»»

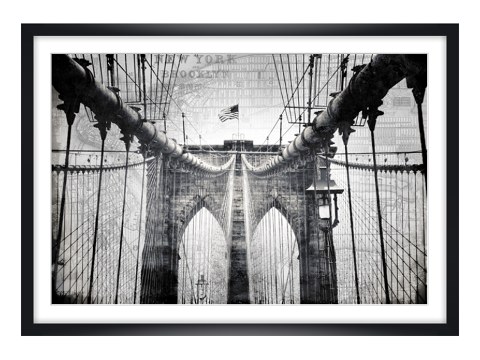 BROOKLYN BRIDGE ART im schwarzen Holzrahmen
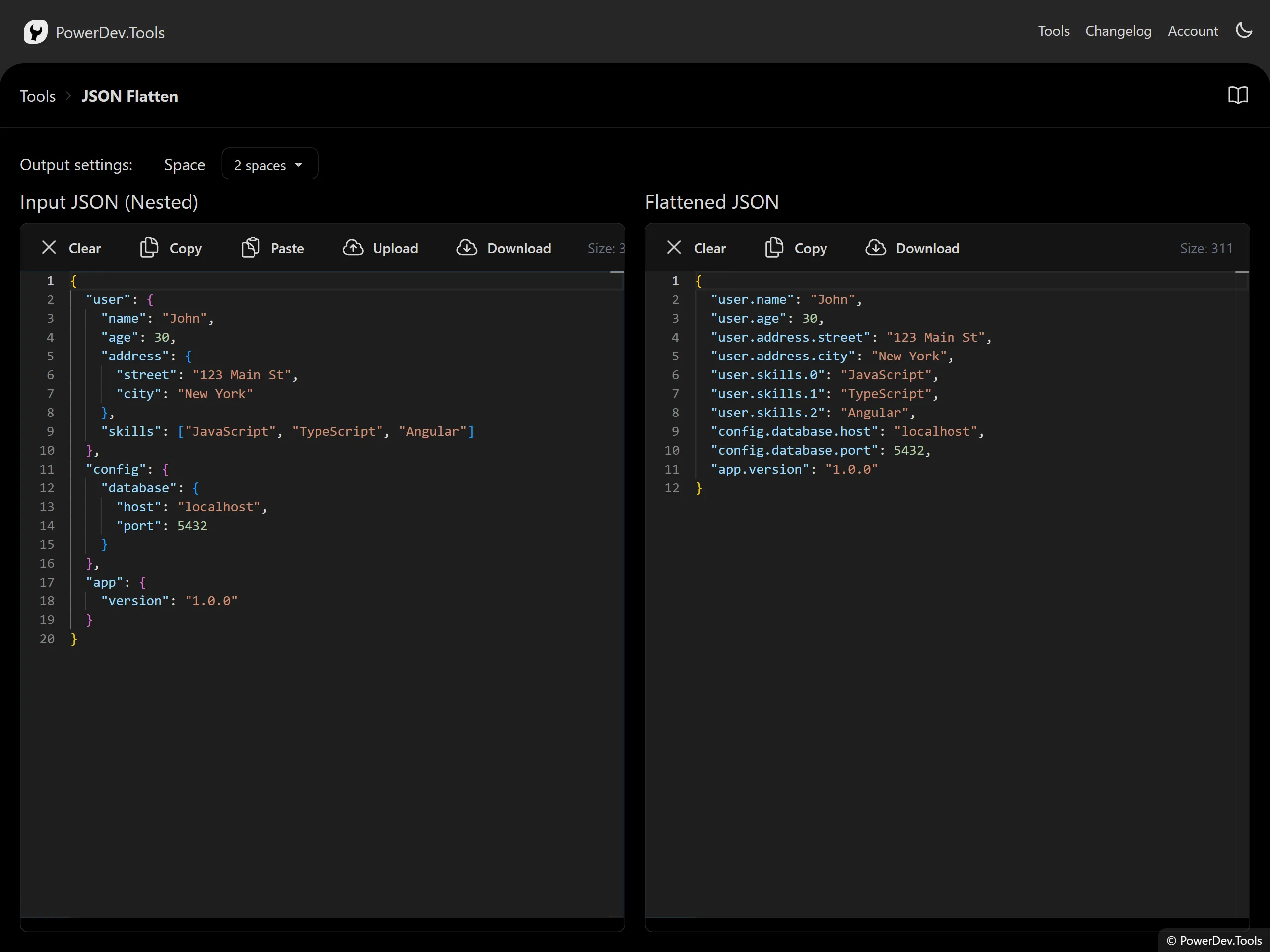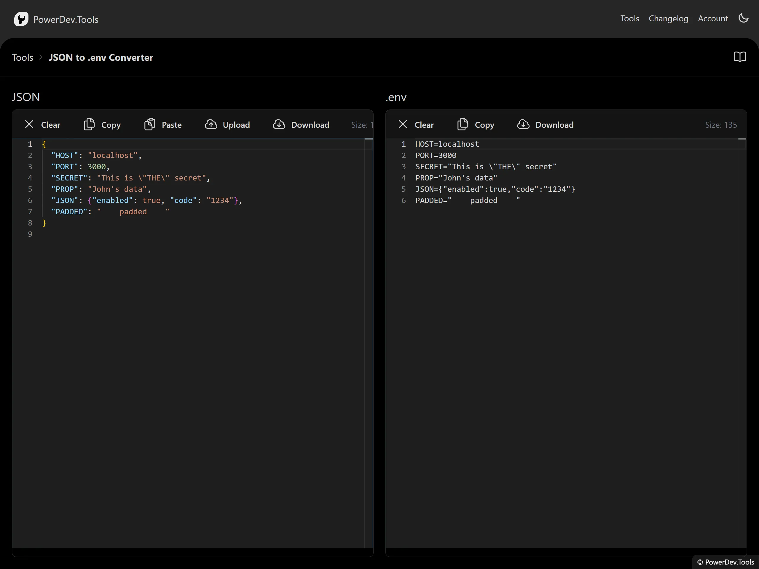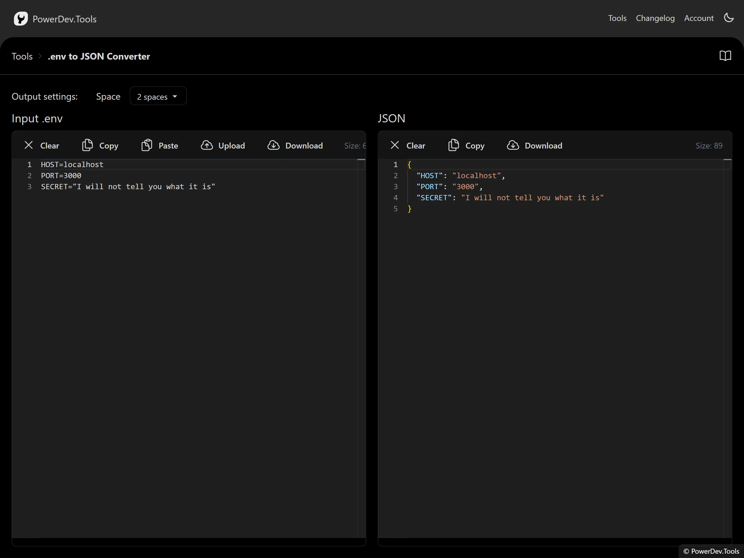 .env to JSON ConverterAngular PWA Icon GeneratorBase64 Encoder/DecoderBcrypt Hash GeneratorBcrypt Hash ValidatorColor Contrast CheckerColor Contrast ValidatorColor Palette GeneratorColor Swatch GeneratorDate and Timestamp ConverterHash GeneratorHTML Entities Encoder/DecoderImage to Data URLJSON FlattenJSON FormatterJSON SanitizerJSON to .env ConverterJSON to TOML ConverterJSON to YAML ConverterJSON UnflattenJWT DecoderJWT Secret GeneratorLaTeX Formula to UnicodeLorem Ipsum GeneratorNanoID GeneratorNumeronym GeneratorPDF GeneratorPDF Merge / SplitPDF Page SplitterPDF To CSVPDF To TextQR Code GeneratorQuoted Printable Encoder/DecoderReact Native SVG ConverterRoman Numeral ConverterString ProcessorSVG to React ComponentText ObfuscatorText StatisticsText to NATO AlphabetTOML FormatterTOML to JSON ConverterTOML to YAML ConverterULID GeneratorURI Encoder/DecoderURL ParserUUID GeneratorWiFi QR Code GeneratorYAML FormatterYAML to JSON ConverterYAML to TOML Converter
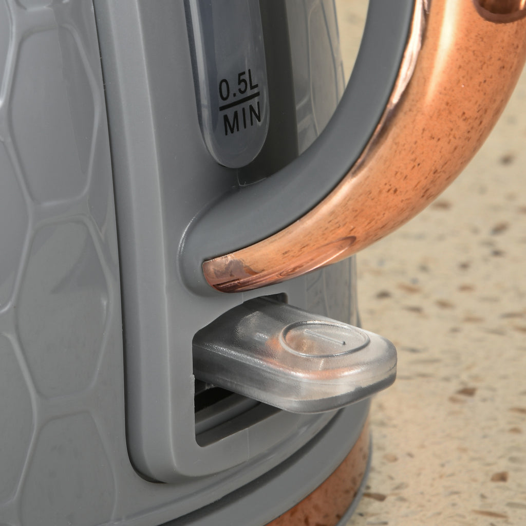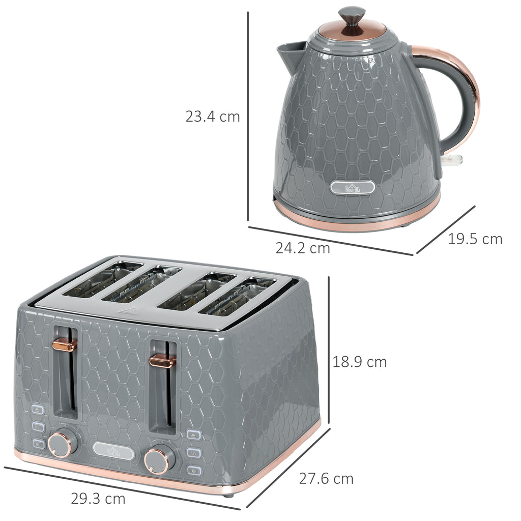 • 1.7L fast boil kettle and matching four-slice toaster. Stylish honeycomb design
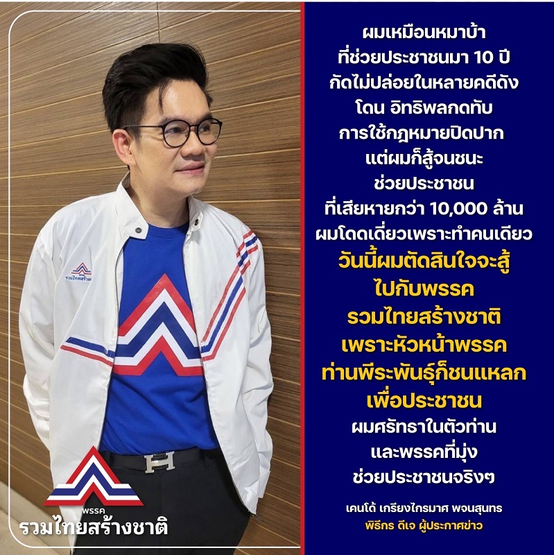 ได้คุยกับพรรคการเมืองหลายพรรคมาแล้ว จนในที่สุดเขาก็ได้ตัดสินใจร่วมเดินหน้าไปกับพรรครวมไทยสร้างชาติ เพราะเขาได้ทำการศึกษามาอย่างดีแล้วว่าเป็นพรรคที่ยึดมั่นในสถาบันหลักของชาติ เพราะฉะนั้นไม่ขายชาติแน่นอน รวมถึงพรรครวมไทยสร้างชาติได้ยึดถือความซื่อสัตย์สุจริตเป็นที่ตั้ง ดังที่เห็นได้จากความไม่พอใจของนายทุนพลังงาน ตามที่เป็นข่าวไปก่อนหน้านี้ และเป็นพรรคที่เห็นผลประโยชน์ของประชาชนเป็นที่ตั้ง ดูได้จากการตรึงราคาก๊าชหุงต้ม การลดราคาค่าไฟอย่างต่อเนื่อง รวมทั้งการเสนอแก้ไขกฎหมายเรื่องน้ำมันอีกด้วย
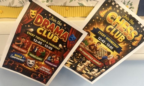 Miss Harrison is running a Drama Club every Tuesday and Thursday at lunchtime, and a Chess Club every Wednesday at lunchtime.
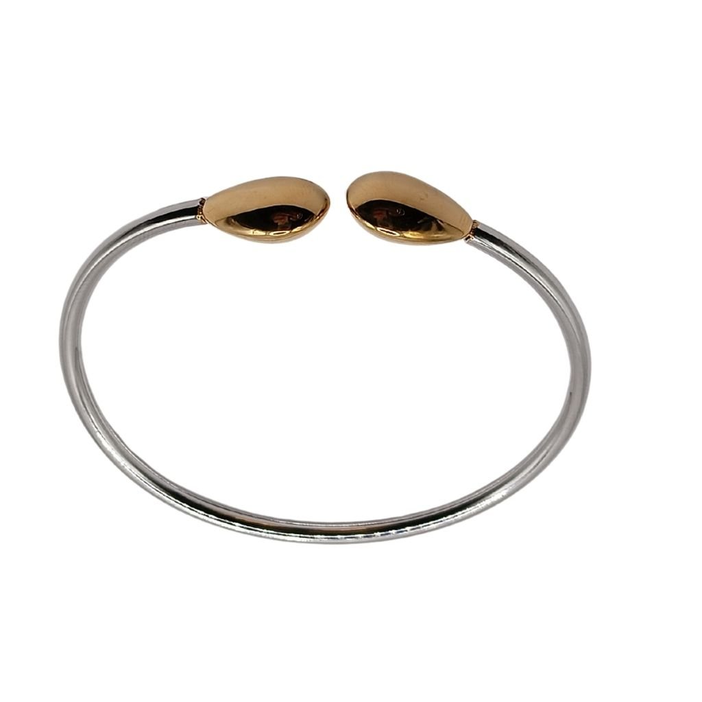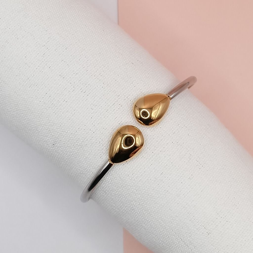 Κομψή και διαχρονική ανοιχτή χειροπέδα από ανοξείδωτο ατσάλι σε ασημί χρώμα, διακοσμημένη με δύο χρυσές σταγόνες στις άκρες. Minimal design που φοριέται εύκολα σε κάθε περίσταση, μόνη της ή σε layering με άλλα βραχιόλια.

««

TASK ITEM:
Transcribe the listing exactly; skip the pictures.

THE COMPLETED TASK:
 BROOKLYN BRIDGE ART im schwarzen Holzrahmen
 .env to JSON ConverterAngular PWA Icon GeneratorBase64 Encoder/DecoderBcrypt Hash GeneratorBcrypt Hash ValidatorColor Contrast CheckerColor Contrast ValidatorColor Palette GeneratorColor Swatch GeneratorDate and Timestamp ConverterHash GeneratorHTML Entities Encoder/DecoderImage to Data URLJSON FlattenJSON FormatterJSON SanitizerJSON to .env ConverterJSON to TOML ConverterJSON to YAML ConverterJSON UnflattenJWT DecoderJWT Secret GeneratorLaTeX Formula to UnicodeLorem Ipsum GeneratorNanoID GeneratorNumeronym GeneratorPDF GeneratorPDF Merge / SplitPDF Page SplitterPDF To CSVPDF To TextQR Code GeneratorQuoted Printable Encoder/DecoderReact Native SVG ConverterRoman Numeral ConverterString ProcessorSVG to React ComponentText ObfuscatorText StatisticsText to NATO AlphabetTOML FormatterTOML to JSON ConverterTOML to YAML ConverterULID GeneratorURI Encoder/DecoderURL ParserUUID GeneratorWiFi QR Code GeneratorYAML FormatterYAML to JSON ConverterYAML to TOML Converter
 • 1.7L fast boil kettle and matching four-slice toaster. Stylish honeycomb design
 ได้คุยกับพรรคการเมืองหลายพรรคมาแล้ว จนในที่สุดเขาก็ได้ตัดสินใจร่วมเดินหน้าไปกับพรรครวมไทยสร้างชาติ เพราะเขาได้ทำการศึกษามาอย่างดีแล้วว่าเป็นพรรคที่ยึดมั่นในสถาบันหลักของชาติ เพราะฉะนั้นไม่ขายชาติแน่นอน รวมถึงพรรครวมไทยสร้างชาติได้ยึดถือความซื่อสัตย์สุจริตเป็นที่ตั้ง ดังที่เห็นได้จากความไม่พอใจของนายทุนพลังงาน ตามที่เป็นข่าวไปก่อนหน้านี้ และเป็นพรรคที่เห็นผลประโยชน์ของประชาชนเป็นที่ตั้ง ดูได้จากการตรึงราคาก๊าชหุงต้ม การลดราคาค่าไฟอย่างต่อเนื่อง รวมทั้งการเสนอแก้ไขกฎหมายเรื่องน้ำมันอีกด้วย
 Miss Harrison is running a Drama Club every Tuesday and Thursday at lunchtime, and a Chess Club every Wednesday at lunchtime.
 Κομψή και διαχρονική ανοιχτή χειροπέδα από ανοξείδωτο ατσάλι σε ασημί χρώμα, διακοσμημένη με δύο χρυσές σταγόνες στις άκρες. Minimal design που φοριέται εύκολα σε κάθε περίσταση, μόνη της ή σε layering με άλλα βραχιόλια.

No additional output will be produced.